__Data__:
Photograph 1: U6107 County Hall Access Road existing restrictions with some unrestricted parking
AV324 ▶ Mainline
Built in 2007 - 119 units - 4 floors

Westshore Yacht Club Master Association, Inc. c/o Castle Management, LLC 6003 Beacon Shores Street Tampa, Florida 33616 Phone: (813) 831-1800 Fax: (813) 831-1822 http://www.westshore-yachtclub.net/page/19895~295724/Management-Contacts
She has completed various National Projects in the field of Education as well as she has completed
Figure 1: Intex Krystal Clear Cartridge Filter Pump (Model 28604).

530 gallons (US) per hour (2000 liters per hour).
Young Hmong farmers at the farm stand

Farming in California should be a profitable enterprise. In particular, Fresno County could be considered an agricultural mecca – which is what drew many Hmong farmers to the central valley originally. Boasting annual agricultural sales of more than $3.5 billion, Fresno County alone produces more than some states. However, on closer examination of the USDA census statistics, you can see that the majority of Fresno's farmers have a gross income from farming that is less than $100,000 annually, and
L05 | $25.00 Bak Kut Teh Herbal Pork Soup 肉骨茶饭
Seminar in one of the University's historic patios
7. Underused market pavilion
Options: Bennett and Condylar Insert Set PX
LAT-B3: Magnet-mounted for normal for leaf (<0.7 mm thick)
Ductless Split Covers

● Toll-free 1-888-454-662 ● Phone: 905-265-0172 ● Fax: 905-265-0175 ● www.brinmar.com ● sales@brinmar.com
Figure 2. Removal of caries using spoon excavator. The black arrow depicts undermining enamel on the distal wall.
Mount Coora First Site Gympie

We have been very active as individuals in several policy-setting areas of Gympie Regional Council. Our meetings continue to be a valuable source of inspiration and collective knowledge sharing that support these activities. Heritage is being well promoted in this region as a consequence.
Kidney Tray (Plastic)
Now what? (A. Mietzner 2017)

==

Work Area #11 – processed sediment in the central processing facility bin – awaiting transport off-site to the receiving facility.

==

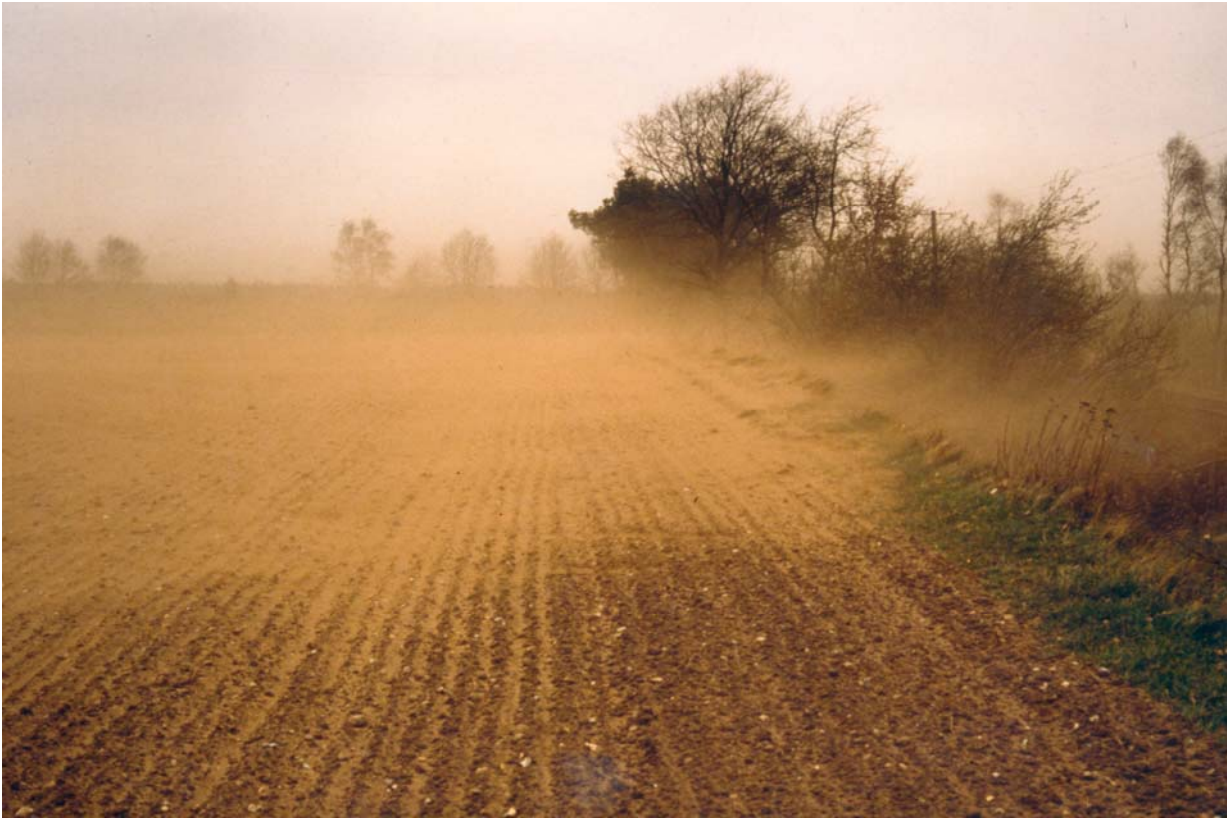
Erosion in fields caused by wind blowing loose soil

__Description of the task__: In the entries above, locate every line with the word "farmers" and copy it.

__Result of this task__:
Young Hmong farmers at the farm stand
Farming in California should be a profitable enterprise. In particular, Fresno County could be considered an agricultural mecca – which is what drew many Hmong farmers to the central valley originally. Boasting annual agricultural sales of more than $3.5 billion, Fresno County alone produces more than some states. However, on closer examination of the USDA census statistics, you can see that the majority of Fresno's farmers have a gross income from farming that is less than $100,000 annually, and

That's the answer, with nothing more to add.